Polls suggest that most Americans are fine with drones--including most liberals: 78 percent of viewers of Ed Shultz's MSNBC talk show. Apparently, we are not persuaded by what seems to me obvious: law and morality aside, dropping bombs is no way to win friends and influence people. Last year a Pew poll found that
74 percent of Pakistanis consider the United States an enemy. Sherry Rehman, Pakistan's US ambassador, told reporters that the drone campaign "creates more potential terrorists on the ground and militants on the ground instead of taking them out." September 11 enraged Americans so profoundly we started two wars, one against a nation that had nothing to do with it. Why do we assume that the people we attack are any different?
How did we end up here? Surely one fatal turning point was Obama's decision not to prosecute anyone connected with the Bush administration's brutal policies, especially torture. Not only did this breed cynicism and callousness; it tacitly allowed that maybe Abu Ghraib and black sites and Baghram and Guantanamo were justifiable, given the fiendish and shape-shifting nature of terrorism.
That's certainly the message I took from Zero Dark Thirty, and, frankly, I don't understand how anyone can see this much-praised movie as ambiguous on the torture question.

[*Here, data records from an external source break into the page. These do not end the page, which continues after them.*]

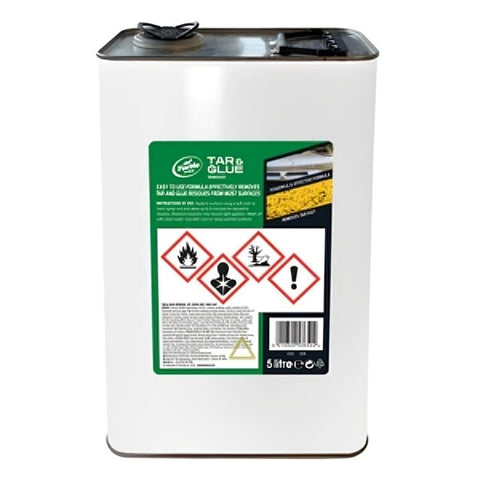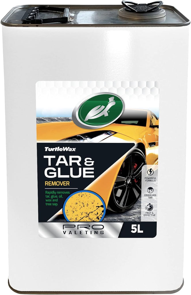 Turtle Wax Pro Tar & Glue Remover effectively removes tar, glue, and other strong adhesives. Its concentrated formula quickly penetrates and breaks down tough residues. This 5L size is ideal for industrial or automotive use, with enough product to remove stubborn residues from large areas and surfaces.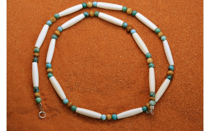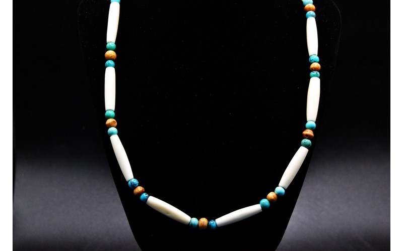 Collier artisanal avec des perles en turquoises kingman et des tubes en os
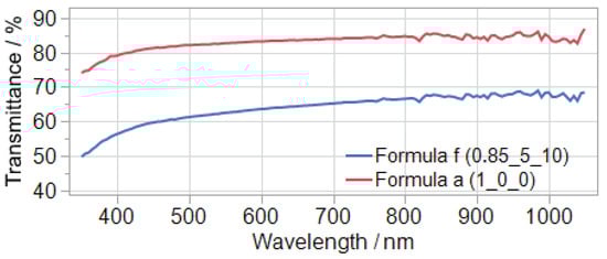 The material with the substoichiometric ratio has a significant lower transmittance (Figure 11 and Figure 12) and L* value as well as a higher b* value (Figure 10) compared to the stoichiometric formula. It should be noted, that the transmittance is negatively affected by the thickness of the sample. The final electrolyte layer in the ECD is much thinner (<100 µm) than the samples measured in this study (2 mm).
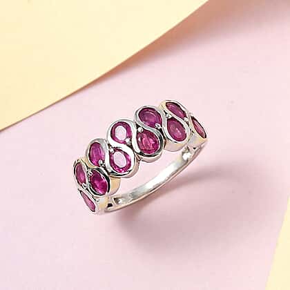 African Ruby Ring in Platinum Overlay Sterling Silver 2.90 Ct.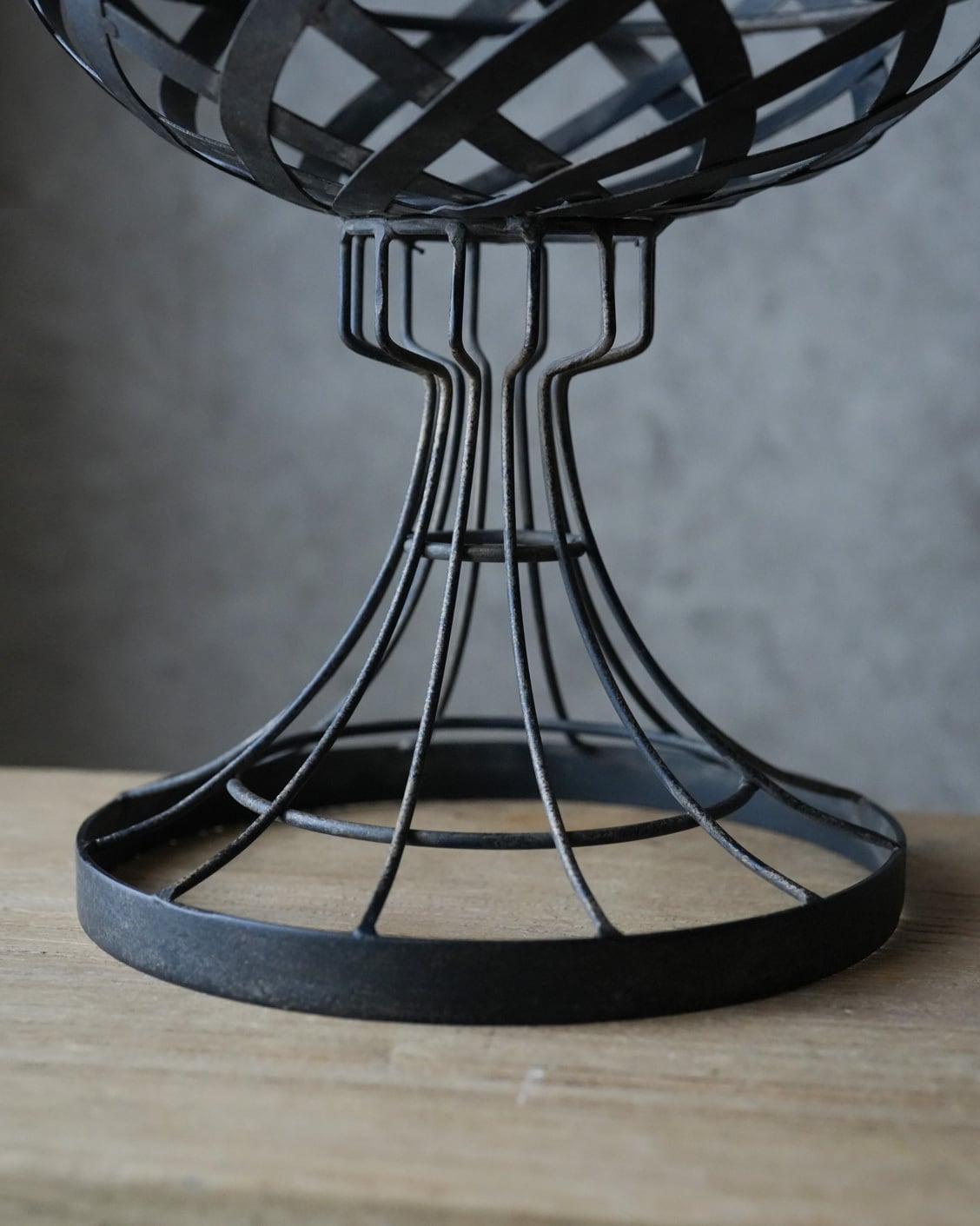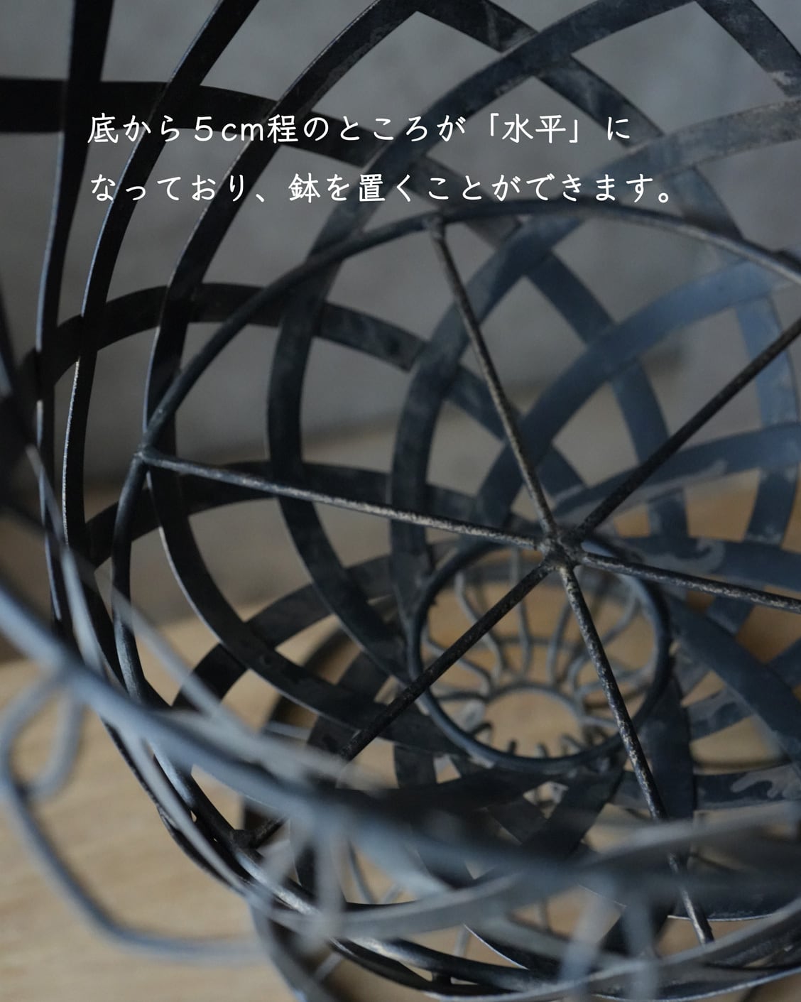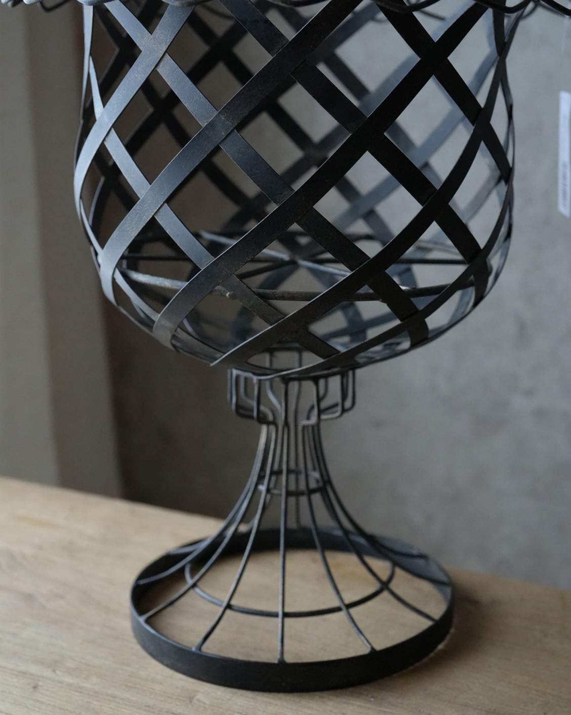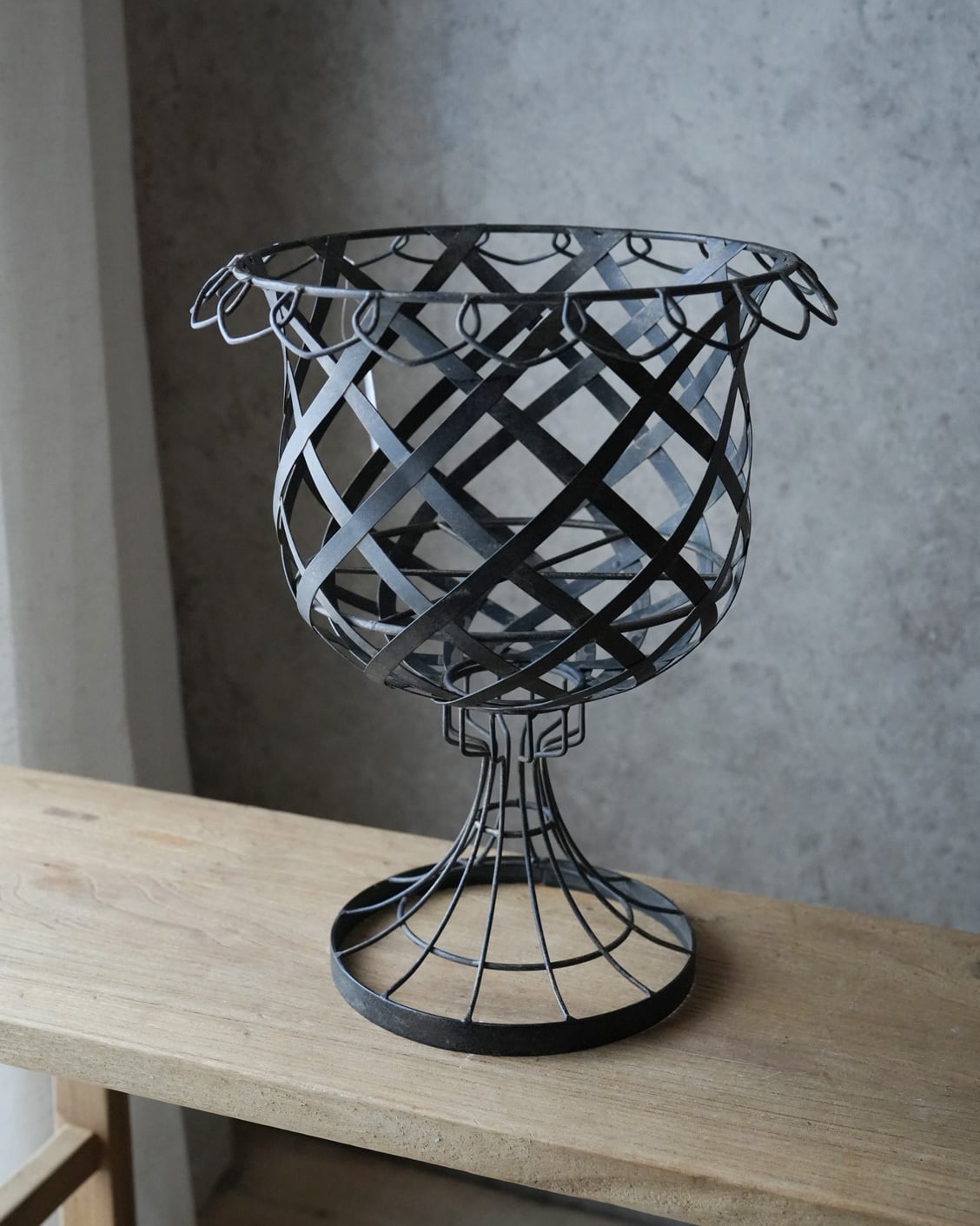 平たいアイアンを編み上げたカップ型鉢カバー。

The movie says torture works: "In the end, everybody breaks," Dan (Jason Clarke) tells the prisoner he is beating, waterboarding, walking like a dog and forcing into a tiny box. "It's biology." And sure enough, the man gives up the clue that eventually leads to Osama's front door. If, in real life, this information was actually obtained by other methods, as Senators Dianne Feinstein and Carl Levin attested in a public letter about the film, there's no suggestion of it onscreen. But the movie does something even worse: it not only makes torture look necessary; it makes the torturers cool. Dan is handsome, smart, humorous and unconventional--his own person in a crowd of company men. When not stringing people from the ceiling, he's caring--a good friend to Maya, an animal lover. He doesn't let his job turn him into a brute or a sadist--he knows when he's reached his emotional limits and gets out. As for Maya, the lonely avenger of 9/11, what can one say? She's not only smart, dedicated, selfless, brave and tireless--she's Jessica
Chastain! The most beautiful woman in the world, with flowing locks of red-gold hair that light up every scene she's in, including the one where she fetches a pail of water for the waterboarding.
The only person in the CIA who will see a day in prison for anything that happened during all this is James Kiriakou, the anti-torture whistleblower recently sentenced to thirty months for revealing the name of a covert CIA officer to a reporter. Don't hold your breath for a Hollywood movie about him.